### Real-world data

The dataset consisted of 2986 observations from 902 freshwater shallow lakes in Denmark and North America (data extracted from the LAGOSNE database on 22 February 2022 via R LAGOSNE package version 2.0.2)^{56} (Supplementary Fig. 9). The Danish lakes were sampled for one or several years from 1984 to 2020 (data extracted in October 2021 from https://odaforalle.au.dk/main.aspx) (Supplementary Fig. 10). Prerequisites for inclusion in the analysis were that lakes had been sampled for physical and chemical variables at least four times or at least three times over the growing season (May to September) for the Danish or North American lakes, respectively, had a mean depth of less than 3 m and were freshwater. Water chemistry samples were analysed using standard methods and data for total phosphorus (TP), total nitrogen (TN) and chlorophyll-a are included here^{57}. The mean and range of TP, TN and chlorophyll-a for the combined sites is given in Table 1, along with the values for each region separately.

To gain a longer-term perspective on the relationship between nutrients and chlorophyll-a, we calculated the across-year averages of the summer means of TP, TN and chlorophyll-a, sequentially increasing numbers of years included in the mean up to a total of a five-year mean, at which point there were only 99 lakes left in the dataset. In calculating the multi-year means we allowed a maximum gap of 2 years between observations (i.e. two observations could cover 3 years) to avoid including time series with too many missing years in between. Hence, only lakes with sufficient numbers of sequential data were included, resulting in a large drop in lake numbers as the length of the multi-year mean increased (Table 2).

### Numerical methods

#### Diagnostic tests or proxies of alternative equilibria

We modelled the response of chlorophyll-a to TP and TN using generalised-linear models^{58} with Gamma distribution and an identity link on untransformed data for single-year and multiple-year means up to 5-year means. We used the Gamma distribution, as chlorophyll fit this significantly better than a normal or log-normal distribution. We used psuedo *R*^{2} of the model along with the patterns of residuals, and finally, we plotted the kernel density of the chlorophyll-a values as diagnostics of the presence, absence or prevalence of alternative equilibria in the simulated and real work data.

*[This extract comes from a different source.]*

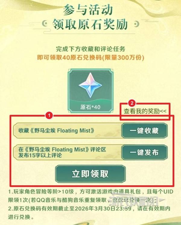温馨提示:玩家角色冒险等阶≥10级,方可激活游戏内道具礼包,且每个UID限领1次(若QQ音乐与酷狗音乐重复领取,也仅可兑换一次);原石兑换码有效期截止至2026年3月30日23:59,请在有效期内进行兑换。*活动页面内部分数据更新存在1分钟延迟,延迟后会自动刷新,请旅行者们稍候
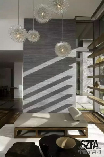 傳統(tǒng)中式風(fēng)格的天花板主要分為天花和藻井,門窗則一般使用欞子做成方格圖案。在簡(jiǎn)約主義風(fēng)行的今天,設(shè)計(jì)師更傾向于將這些元素融入現(xiàn)代風(fēng)格的室內(nèi)設(shè)計(jì),體現(xiàn)對(duì)中式傳統(tǒng)的精神追求。

To test how appropriate these diagnostics or proxies of alternative stable states in terms of how well they identify the existence of alternative stable states in randomly sampled multi-year data, we

- 1.
Simulated two scenarios for the main manuscript, with and without alternative stable states in the data, which were as close to the real-life data as possible. The results of these scenarios appear in the main text (please see details below in the “Data Simulation” section).

- 2.
We provide multiple scenarios with different degrees, or prevalence, of alternative stable states in the data, see simulations of alternative stable state scenarios. The results of these scenarios appear in Supplementary note 2.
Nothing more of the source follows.